Traders, especially those starting out are often looking for forex strategies that will extend the scope of the things they can do from their trading platform. Forex scalping is a trading strategy used by forex traders to buy a currency pair and then to hold it for a short period of time in an attempt to make a profit. A forex scalper looks to make a large number of trades and earn a small profit each time.
A forex scalper is considered anyone that takes one or more positions throughout a trading day. Normally these positions are based around short term market fluctuations as price gathers momentum during a particular trading session. Scalpers look to enter the market and preferably exit positions prior to the market close.

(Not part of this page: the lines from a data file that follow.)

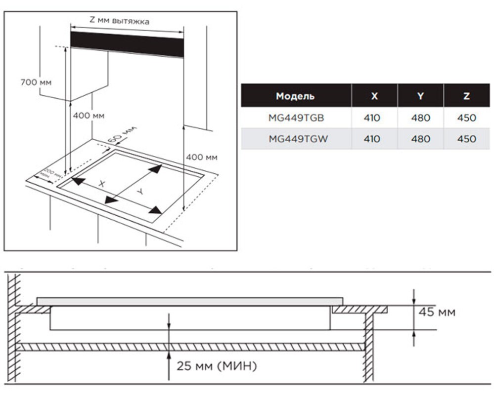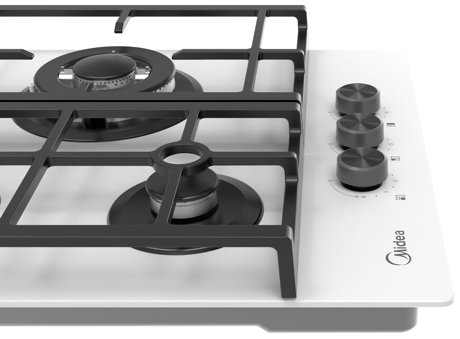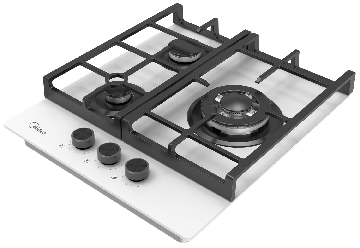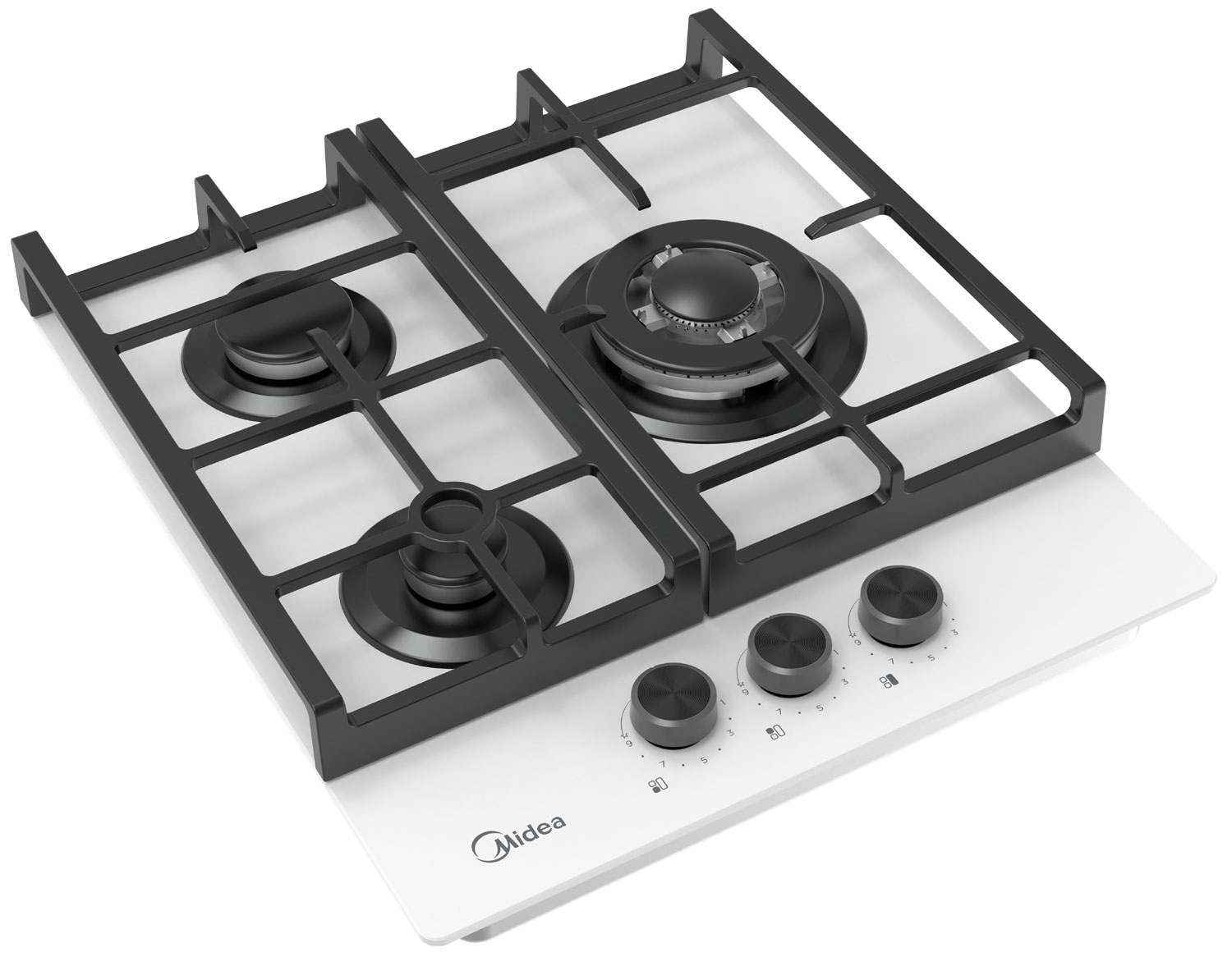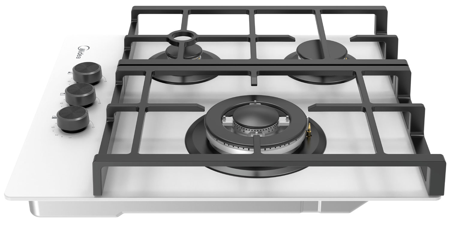 Описаниеповерхность газовая независимая, 45 см, газ на стекле, 3 конфорки, решетки чугунные, белый
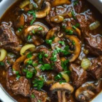 A hearty and tender slow cooker beef dish with mushrooms, perfect for a comforting meal. The beef becomes melt-in-your-mouth tender while the mushrooms add earthy flavor, all cooked slowly to perfection.
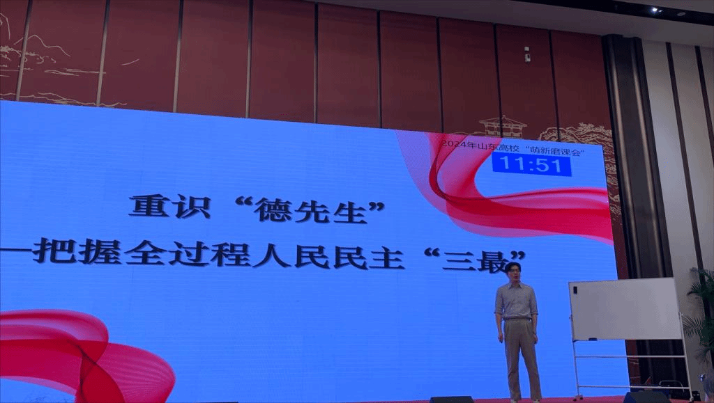 在教学展示阶段,24位青年教师分为本科组和高职组进行教学展示。焦路尧以《重识“德先生”——把握全过程人民民主“三最”》为题,从对话“德先生”开始,回顾旧式民主在中国遭遇的坎坷,论证西式民主发展模式暴露出的弊端,阐释为什么全过程人民民主是最广泛、最真实、最管用的民主。焦路尧以独特新颖的教学设计,谆谆善诱的讲解过程,生动风趣的教学风格,向评委专家全方位展示了学校青年思政教师良好的精神风貌,受到评委专家、现场观众的一致好评,取得本科组第一名的好成绩,成功晋级山东高校思想政治理论课2024年度“萌新磨课总会”,这也是学校思政课教师第一次入围。
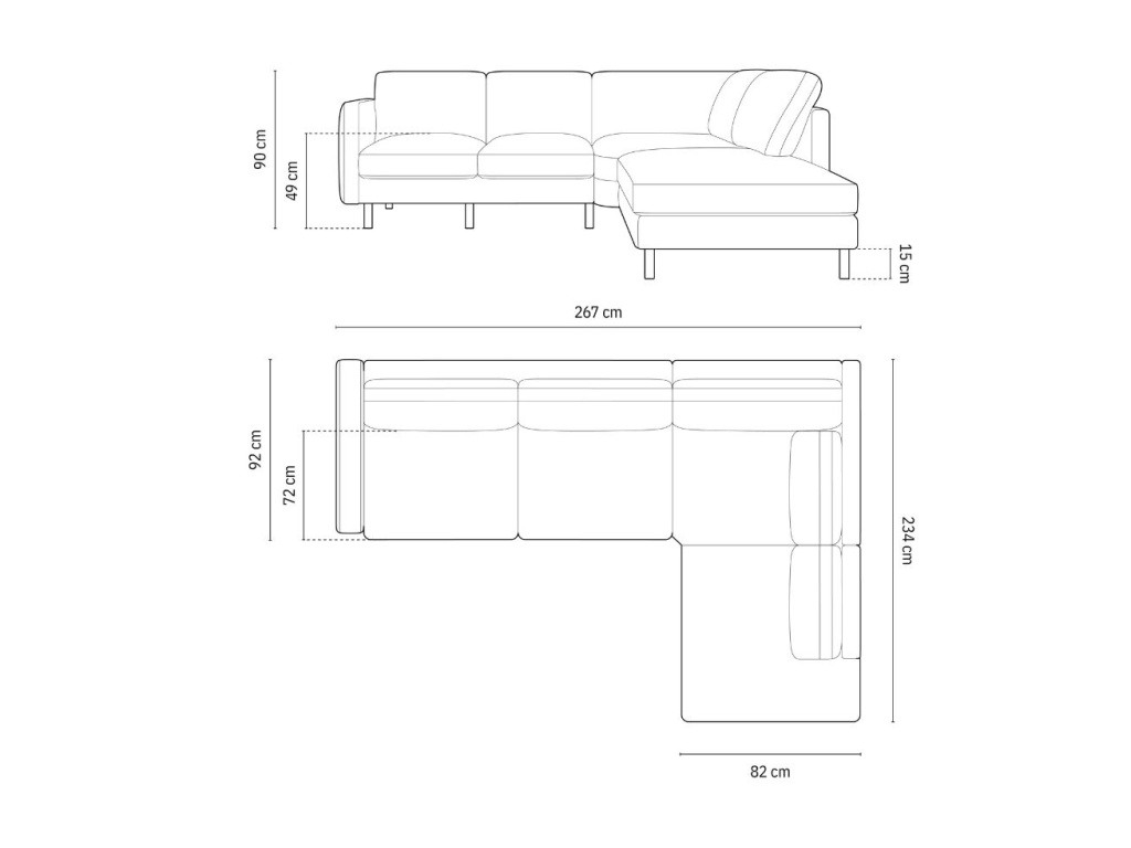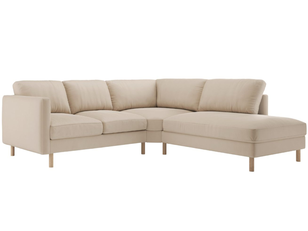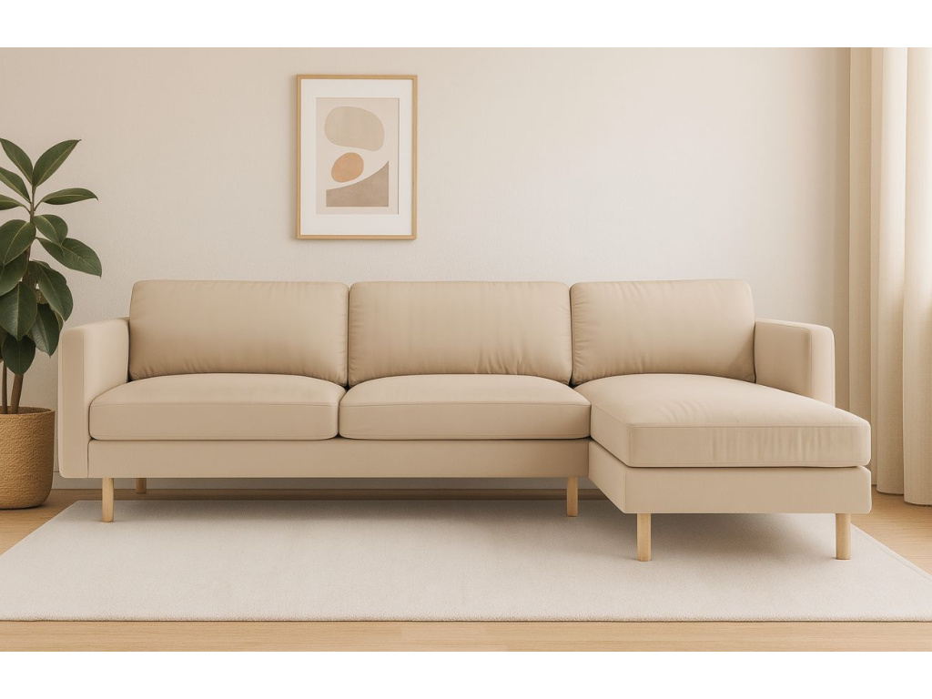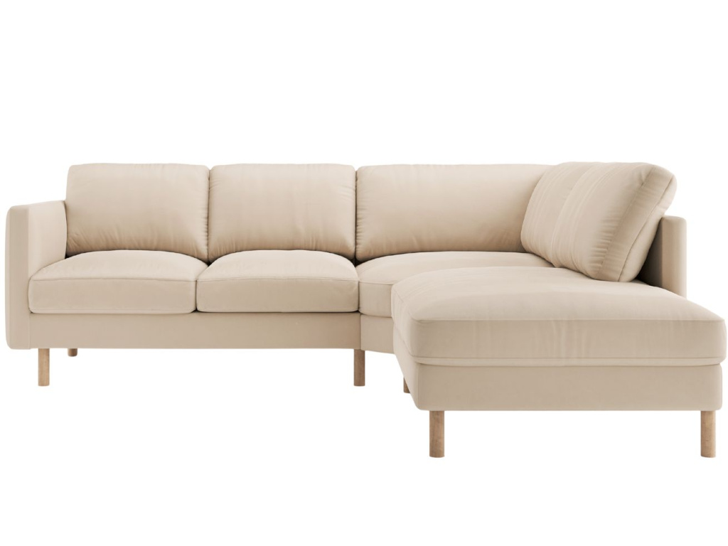 Podívám seBéžová sametová rohová pohovka Eden 267 cm, pravá
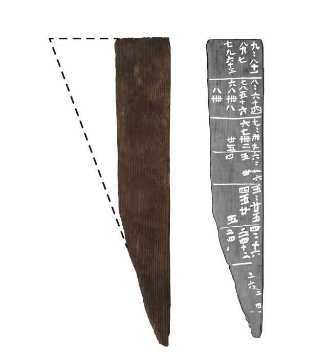 ☞목간(木簡): 반듯하게 다듬은 면에 먹으로 문자를 기록한 나무 조각.부여 쌍북리 유적 출토 구구단 목간.<사진제공=문화재청>
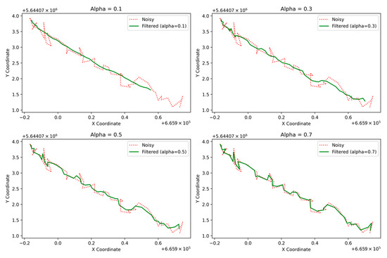 Comparison of noisy and EMA-filtered trajectories with different alpha values.
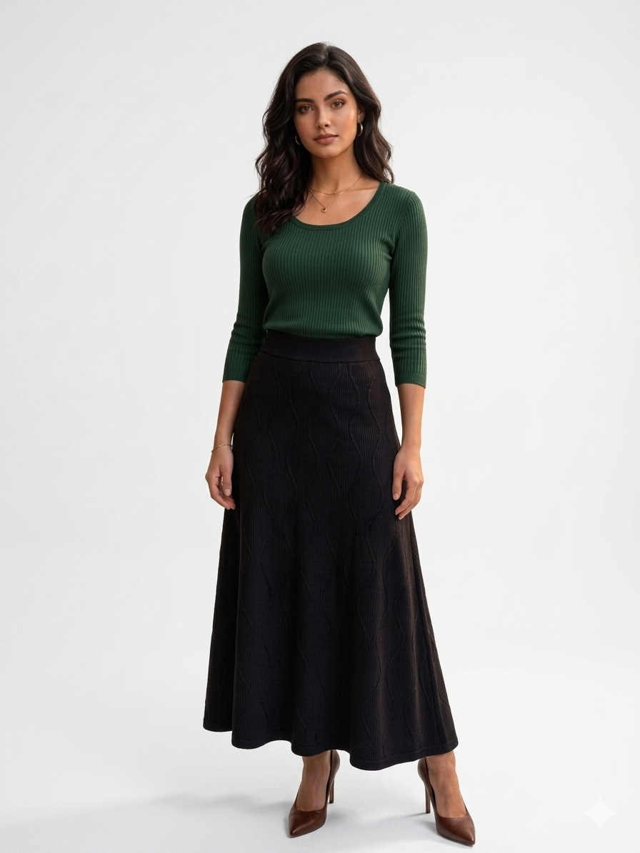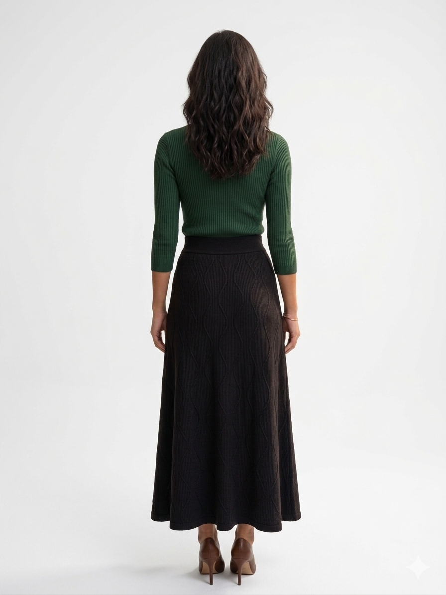 ​O diferencial desta saia fica por conta de sua textura delicada em relevo, que traz profundidade e um toque refinado ao visual. Com um corte que valoriza a silhueta, ela oferece um caimento fluido, perfeito para transitar entre o ambiente de trabalho e eventos sociais com total conforto.

Normally scalpers employ technical trading strategies utilizing short term support and resistance levels for entries.
Scalping is based on an assumption that most forex patterns will maintain the first stage of a movement that will move in the desired direction for a brief time, but where it goes from there is uncertain. Some of the forex trends will cease to advance and others will continue. A scalper intends to take as many small profits as possible, not allowing them to evaporate. Scalping achieves results by increasing the number of earning trades and sacrificing the size of the wins.
Successful scalping takes a significant amount of focus and attention. The successful scalper is focused on acquiring many small wins to build a long-term profit. They are more likely to avoid opportunities for major gain because they can easily go the opposite direction. One bad trade with a major loss can easily wipe out a day or two worth of scalping transactions. Thus, the scalper must adhere to their trading plan to control loss and look only for the opportunities defined by it.
Generally speaking, scalping can be done at about any time. The periods of time when there are more participants allow for cleaner and greater moves in the market. It's not worth your time and efforts to look for opportunities during slow periods that do not suit your trading strategy. It's a quick way to frustrate and mentally exhaust your-self which will translate to mistakes and missed opportunities when it counts most.